The campus paper is the Chicago Maroon, founded in 1892, the same year as the university. It is published every Tuesday and Friday. Notable extracurricular groups include: The University of Chicago College Bowl Team, which has garned 101 tournament wins and 12 national championships - leading both catagories internationally, Model United Nations, which is an often a favorite at national conferences and hosts a large simulation annually, and the Chess Club, who likewise is a national powerhouse and whose ranks have included Masters of varying degrees. The Mock Trial and Parliamentary Debate teams have also fared well at the national level in recent years. WHPK is the student-run community radio station of the university.

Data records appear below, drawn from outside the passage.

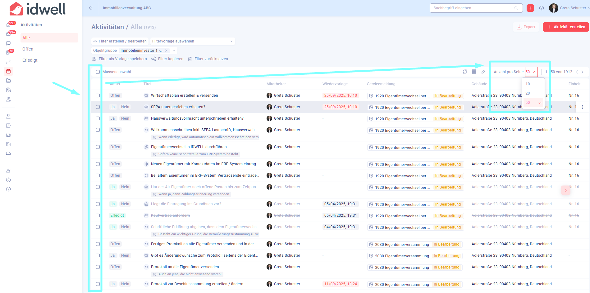 Nun sehen Sie alle gefilterten Kundendaten (in unserem Beispiel alle Aktivitäten aus der Objektgruppe "Immobilieninvestor 1").
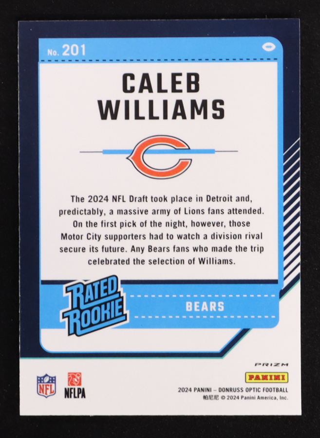 Caleb Williams 2024 Donruss Optic Blue Hyper #201 RC
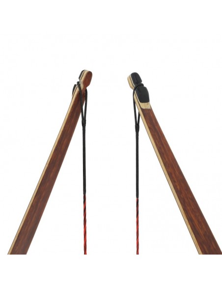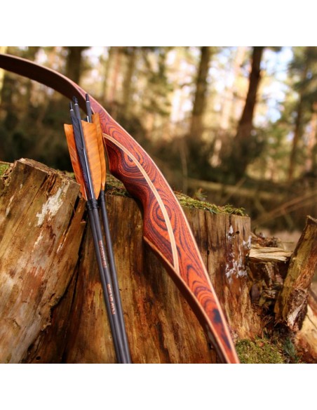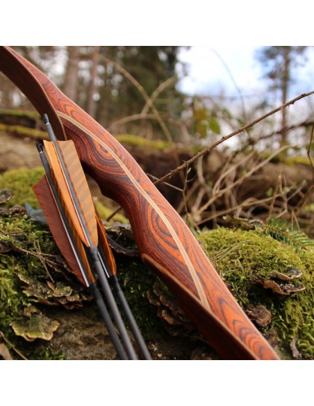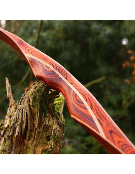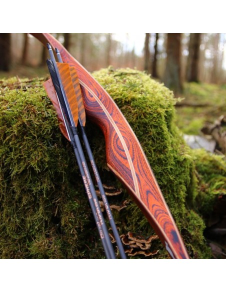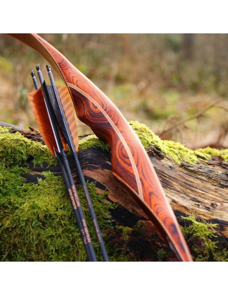 In addition to its fascinating appearance, the DRAKE ARCHERY ELITE Ablaze also impresses with the finesse of its bow class. No wonder, as a hybrid bow it combines the best of two worlds: At first glance it looks like a longbow, but at 62 inches it is clearly too short to be a "real" longbow. However, it makes up for the lack of size with the typical characteristic of a recurve bow, the clearly visible reflex-deflex shape in the limbs, and thus cleverly combines the characteristics of a longbow with those of a recurve bow. The result is a compact bow with a smooth draw, high arrow speeds and an almost complete reduction of vibrations in the grip. As is usual with a traditional longbow, the string of the hybrid bow does not touch the limbs, but only the tips.
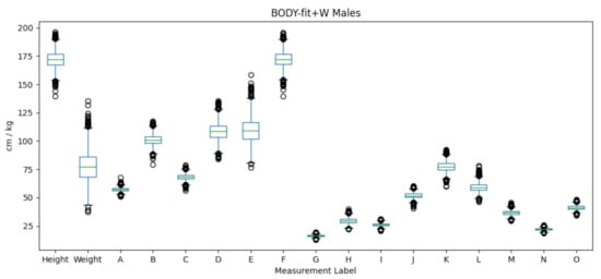 The method is shown in Figure 1. Each human body sample i is defined by 10 shape parameters, , and 63 pose parameters, . The height and the 15 body measurements of the model are extracted from the template mesh. The input to the model consists of height (h) and weight (w). Weight should be available in the dataset; otherwise, it can be estimated from the calculated mesh volume. The output consists of the 15 other body measurements (A–O). The measurement names are listed in Table 1, and their extraction is described in Section 3.2. Then, the linear model for the j-th measurement is described as:

Students, alumni and faculty

Main article: List of University of Chicago alumni

Called the "teacher of teachers", academia is the most popular career choice for its graduates, with one in seven taking an academic appointment (a rate matched by no other University). Scholars affiliated with Chicago have obtained a total of: 78 Nobel Prizes (the most by any institution in the world except the University of Cambridge), 26 MacArthur Fellowships (or "genius grants"), 220 Guggenheim Fellowships, 17 John Bates Clark Medals, 12 Pulitzer Prizes, 3 National Medals of the Arts, 11 National Humanities Medals / Charles Frankel Prizes, 13 National Medals of Science, and an Abel Prize. Chicago undergraduates in the past five years have won: five Rhodes, four Marshall, three Truman, three Churchill and two Gates Cambridge Scholarships. Moreover, in 2004, for the 18th consecutive year, University students won more Fulbright-Hays fellowships than any U.S. educational institution, with 23 students (68 percent of applicants) receiving awards. Chicago is also home to the Llewellyn John and Harriet Manchester Quantrell Awards for Excellence in Undergraduate Teaching , the nation’s oldest prize for undergraduate teaching (founded in 1938), and one which is highly coveted amongst faculty. Additionally, Chicago students and faculty have gone on to head several other major academic insitutions (i.e. Presidencies, Chancellorships), namely: Stanford University, The University of Oxford, Northwestern University and the University of California.